There is now a single ValidationOutcome type (valid/invalid/error) that replaces the old ValidationResult | str; one boundary to rocrate-validator;
Metadata-only validation is now synchronous (removes the blocking result.get());
Bumped rocrate-validator to 0.10.0 for (opt-in) offline validation. Cache warming at build, and --extra-profiles-path.

APIs

ID endpoints take server-side credentials, so there are no storage secrets in request bodies/logs!
Resolve-before-queue;
The celery worker runs a staged fetch → validate → persist → webhook with retries and persisted error outcomes;
Webhook delivery retries with backoff and surfaces any failures.

DevOps Stuff

JSON logging with request IDs and secret redaction;
/healthz and /readyz added to check the health and readiness for the storage + Redis broker ;
I've tidied up dependencies. pyproject.toml + pip-tools locks, ruff lint/format, CI updated;
There is now a single parameterised Dockerfile;
Flask entrypoint is renamed cratey.py → wsgi.py for convention;
Image and labels renamed to ro-crate-validation-service;
The README.md has been rewritten and has some architecture/flow mermaid diagrams to help future external collaborators with understanding how the validator works;
Tests are now organised properly to mirror app/.

Breaking Changes

Environment variables are renamed;
ID endpoints no longer accept minio_config / root_path.
Status codes are clearer
Storage layout is explicit: crates under crates/, results under validation-results/.
Requires rocrate-validator >= 0.10.0

Closes #170

- Replace the import-time Config classes with a validated Settings dataclass built in create_app(). - Fails early with an aggregated error when storage is enabled but the required S3/Celery vars are missing. - Gate storage routes on settings.storage_enabled; Settings injected in tests instead of monkeypatching. - Add app/storage as a "vendor-neutral" abstraction (so, works with MinIO, RustFS, or any other S3 service) - Closes #171, #172

Implement S3Backend using boto3. Supports MinIO SDK features such as pagination.
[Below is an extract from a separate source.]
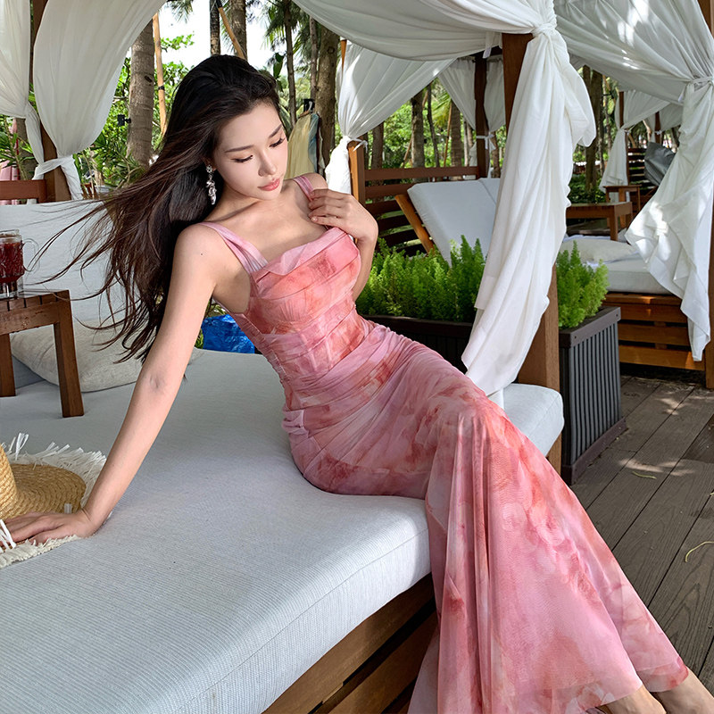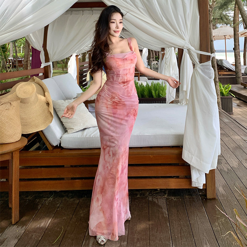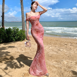 Ariel一字肩褶皱晕染修身 Luck 包臀连衣裙 Sheer 蓝盈莹同款

Includes tests Refs #172

Add app/crates/ids.py: validate_crate_id / is_valid_crate_id and an InvalidCrateId exception. IDs are constrained to a safe charset (start alphanumeric, [A-Za-z0-9._-], max 128, no '/' or '..'). Fixes the ".zip in crate ID" fragility. IDs are no longer parsed. Closes #174

Add app/crates/layout.py (separate crate/result key prefixes) and resolver.py. `resolve_crate()` locates a crate by direct stat checks on "canonical keys" instead of prefix-listing. - Distinguishes zip vs directory, - confirms ro-crate-metadata.json for directories, and - reports "AmbiguousCrate" / "CrateNotFound" - Fixes sibling false-match, .zip-in-id, and some missing-metadata gaps. Closes #175

- Add `app/validation/results.py` (`ValidationOutcome` with valid/invalid/error status, detail/error, serialisation) and `runner.py` wrapping rocrate_validator so both entry points always return an outcome; - Replaces the ValidationResult|str / isinstance pattern. Closes #176

- replaces metadata path with `run_metadata_validation()`, which validates inline via the runner and returns a `ValidationOutcome` (200 valid/invalid, 422 unvalidatable). - remove the metadata Celery task and `perform_metadata_validation`, which addresses the result.get() blocking and the return-in-finally bug. closes #169

- Move POST/task/GET onto StorageBackend + resolver + runner with server-side credentials. POST resolves before queueing (400/404/409/503 via app error handlers); - the Celery task (`run_validation_job`) runs fetch->validate->persist->webhook with retries and persists error outcomes; GET reads the results prefix. - Add s3_crate_prefix/s3_results_prefix to Settings. Delete minio_utils and test_minio, remove minio from requirements and recompile the lock. - Covers the store-backed validation flow Closes #177, #178, #179

- Refactor `send_webhook_notification` to retry failures with exponential backoff, add a request timeout, and raise `WebhookDeliveryError` on terminal failure instead of accepting it. - Results are persisted so a delivery failure can be surfaced without losing the result. Closes #180

Rewrite logging_service with a JsonFormatter, a RedactionFilter that masks configured S3 credentials, and a RequestIdFilter closes #177

- Adds endpoints to check if the S3 is reachable and Celery / broker connected; - Returns 503 with a per-check breakdown when a dependency is down. - When storage is disabled both checks report "disabled". Closes #181

- Consolidate packaging and tooling into pyproject.toml and standardise linting and formatting with ruff. - Move metadata and deps into pyproject.toml; compile requirements.txt (runtime) and requirements-dev.txt (runtime + dev: pytest, pytest-mock, moto, ruff) from it via pip-tools; retire requirements.in. - Move pytest config into [tool.pytest.ini_options] and remove pytest.ini. - Add [tool.ruff] config; apply ruff check --fix and ruff format across code. - CI: unit_tests installs requirements-dev.txt; add a lint workflow running ruff check and ruff format --check on PRs to develop. Closes #183, #173

- Replace the MinIO dev container with a vendor-neutral "objectstore" service running rustfs/rustfs. - Update .env/example.env to S3_* app config plus RUSTFS_* container credentials; the app/worker stay vendor-neutral (S3_* only). - Start with `docker compose --profile objectstore up`.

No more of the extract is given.